5. The visual question-answering task processing method according to claim 4, wherein the process of implementing the image-text feature aggregation by the first image neural updating unit comprises:

normalizing the first mapping weight;

and updating the image characteristics corresponding to the visual nodes according to the image-text attention weight between the visual nodes and the text nodes and the first mapping weight so as to realize image-text characteristic aggregation.

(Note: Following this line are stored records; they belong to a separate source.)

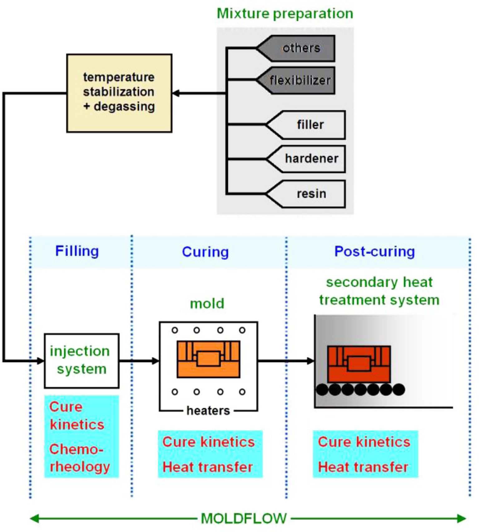 열경화성 수지는 망상구조를 형성하여 무한대의 분자량을 갖게 되는 경화과정에서 경로의존성(path dependency)과 유리화(vitrification) 등으로 완전 경화 상태에 도달하기가 쉽지 않다. 또한 충전과정 에서 높은 점도로 인해 공극(void)이 충분히 배출되지 못할 수도 있을 뿐 아니라 경화시 발열에 의해 급격하게 온도가 올라갈 경우 최종성형품에 잔류응력이 남게 될 수도 있다.5 이러한 가공상의 문제점들은 최종 성형품의 기계적, 전기적, 화학적 물성을 현저하게 감소시키게 되는 원인이 되곤 한다. 따라서, 경화 경로에 대한 정확한 해석과 이를 기초로 한 최적 조건(optimum condition)의 선정이 필수적이다. 이러한 최적 조건은 시행오차(trial and error)를 통해 선정할 수도 있으나 시간과 비용이 막대하게 소요된다. 이를 해결하는 가장 효과적인 방법은 경화반응 속도론(cure reaction kinetics) 및 화학유변학(chemorheology)을 기반 으로 한 공정 모델을 이용하여 컴퓨터 시뮬레이션을 수행하는 것이다. 비용이 드는 시제품 생산에 앞서서 여러가지 개념의 생산품을 설계, 최적화, 가시화하여 실제공정을 모사함으로써 시행착오를 줄이고 불량 발생으로 인한 위험요소(risk)를 제거하여 시간과 비용을 현저하게 절감할 수 있다.
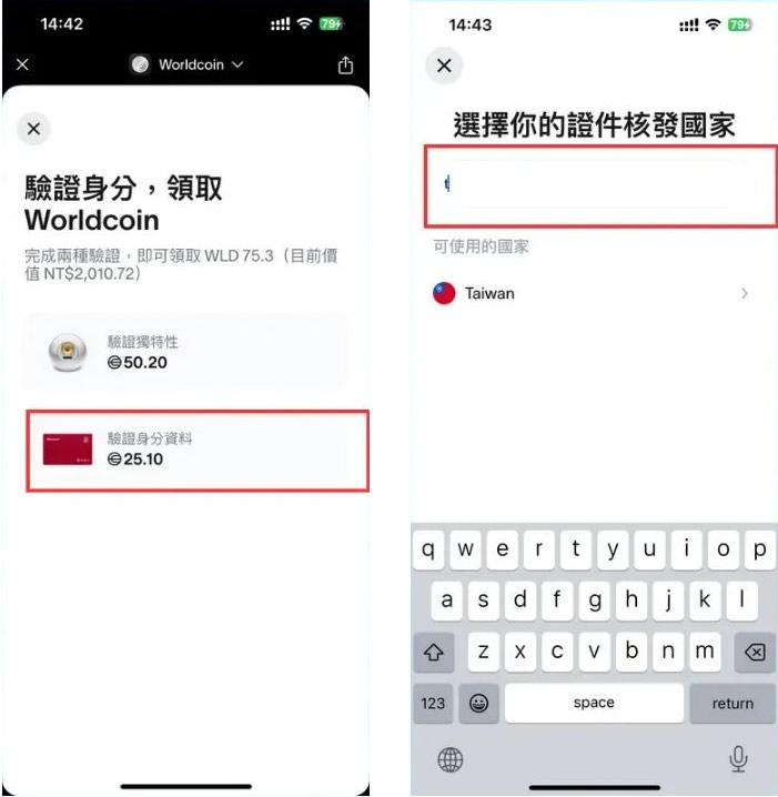 首先點選App 中的Worldcoin ,接著點選「立即驗證」,再來點選「驗證身份資料」,選擇發(fā)證的國家,
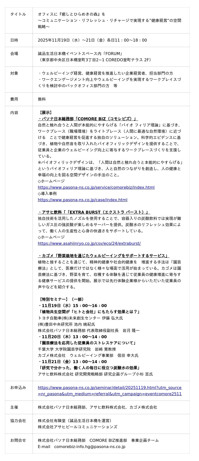 株式会社パソナ日本総務部(本社:大阪市中央区、代表取締役社長 佐野克也)は、アサヒ飲料株式会社(以下、アサヒ飲料)、カゴメ株式会社(以下、カゴメ)と共に、健康経営やウェルビーイング向上に寄与するオフィスの体験型イベント『オフィスに「癒しとひらめきの森」を~コミュニケーション・ リフレッシュ・リチャージで実現する”健康経営”の空間戦略~』を、2025年11月19日(水)から21日(金)まで、COREDO室町テラス 誠品生活日本橋イベントスペース内「FORUM」にて開催いたします。

6. The visual question-answering task processing method according to claim 4, wherein the process of implementing the text-image feature aggregation by the second image neural updating unit includes:

normalizing the second mapping weight;

7. The method of claim 1, wherein determining a prediction vector according to a location of the classification field in the modification result, and outputting an answer corresponding to the visual question-answering task according to the prediction vector comprises:

8. A visual question-answering task processing system, comprising:

the task receiving module is used for receiving a visual question-answering task and determining a target image and a question text according to the visual question-answering task;

the encoding module is used for carrying out feature fusion on the image detection features, the question text features and the classification fields to obtain comprehensive features, and inputting the comprehensive features into a comprehensive feature encoder to obtain image feature segments, text feature segments and image-text weights; wherein, the image-text weight comprises an image-text attention weight and an image-text attention weight;

the corrector constructing module is used for generating a heterogeneous graph corresponding to the visual question-answering task, initializing the heterogeneous graph by using the image characteristic segment, the text characteristic segment and the image-text weight, and constructing a characteristic corrector according to the attention relationship among image-text characteristics contained in the heterogeneous graph; wherein the heterogeneous graph comprises visual nodes and text nodes;

9. An electronic device, comprising a memory and a processor, wherein the memory stores a computer program, and the processor implements the steps of the visual question-answering task processing method according to any one of claims 1 to 7 when calling the computer program in the memory.

10. A storage medium having stored therein computer-executable instructions which, when loaded and executed by a processor, carry out the steps of the visual question-answering task processing method according to any one of claims 1 to 7.